Friday, April 2, 2010

Environmental Vow: Part Eight


In parallel with the religious faith that sustain people like the Benedictines, there is a second, factor that has also served to motivate people: honour.

Most people are absolutely terrified of being wounded or dying. Yet for as long as religion has been breeding saints who overcome their frailties through faith, the military has also been able to create heros who do much the same thing out of a sense of honour . Indeed, if you look at the historical record, the ability to inculcate a sense of honour in a nation's soldiers has often been the strongest indicator of military success. In the age of black powder armies, for example, battle usually consisted of two armies walking very close to each other and blasting away until one side lost its nerve and ran away. The question is, why didn't the soldiers always immediately funk-out and run? The secret wasn't any fear of being caught and executed (18th century armies all suffered huge desertion rates---but that was usually between battles, not during them), but rather because of morale or esprit de corps. That is, the officers discovered that through a certain type of training the soldiers in their armies could so identify with the regiment that they would be more concerned about besmirching its honour than losing their life.

This rearrangement of priorities did not only apply to enlisted men. Officers were expected to expose themselves to as much danger as the men and routinely did; and just as routinely died. The concept of honour was a very important issue to them and they really did put “king and country” ahead of their own personal interests. Consider the dying of words of General Wolfe:

"See how they run." one of the officers exclaimed, as the French fled in confusion before the leveled bayonets.

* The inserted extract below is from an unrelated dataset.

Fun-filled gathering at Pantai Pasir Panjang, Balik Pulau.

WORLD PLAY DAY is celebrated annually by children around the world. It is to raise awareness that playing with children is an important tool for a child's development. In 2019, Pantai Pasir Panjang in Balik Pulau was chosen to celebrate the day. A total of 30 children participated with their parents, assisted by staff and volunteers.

"Who run?" demanded Wolfe, opening his eyes like a man aroused from sleep.

"The enemy, sir," was the reply; "they give way everywhere."

"Then," said the dying general, "tell Colonel River, to cut off their retreat from the bridge. Now, God be praised, I die contented," he murmured; and, turning on his side, he calmly breathed his last breath.

Modern warfare isn't as cut and dried as in the time of black powder muskets, but it still requires a level of sustained courage that goes beyond normal experience. It takes a lot of “guts” to ride around in a LAV, never knowing if the road beneath your feet will explode. Similarly, it is enormously trying to engage with a populace never knowing if someone in the crowd is wearing a vest made of TNT. In its own way, going out on patrol in Afganhistan is just as nerve-wracking as standing in a “thin red line” while waiting for the the officer to tell you to fire at the approaching French columns while the artillery and skirmishers kill men all around you. In both cases study after study has shown that the reason why men will endure this sort of suffering is not because of patriotism or some other reason, but instead one of “not letting the other guys down”, which, in essense, is what “esprite d'ecorps” or the “honour of the regiment” usually boils down to.

Modern armies have created a culture that goes to enormous lengths to create this sense of honour. In fact, it is a key element of the basic training experience---along with teaching the soldiers certain skills, how to take orders and raising their level of physical fitness. Going over obstacle courses, being yelled at by sargeants, bashing squares, and spit-and-polish rituals, are only of very minimal value in actual battle. Why they have been retained by all the militaries of the world is because they inculcate an emotional reprioritization where soldiers put the good of their regiment ahead of their own personal safety. And it is that reprioritization that allows officers to give suicidially dangerous orders to their men with the confident expectation that they will in fact be be carried out. This is the ultimate authority in military discipline, and discipline is the mother of victory. In effect, military power ultimately comes from how deeply our soldiers honour and love their regiment.

Just as the Benedictines were a social institution that developed faith and love of God as a mechanism to overcome people's inherent inability to live together communally, so the armed forces are able to use honour to similarly overcome the terror of battle.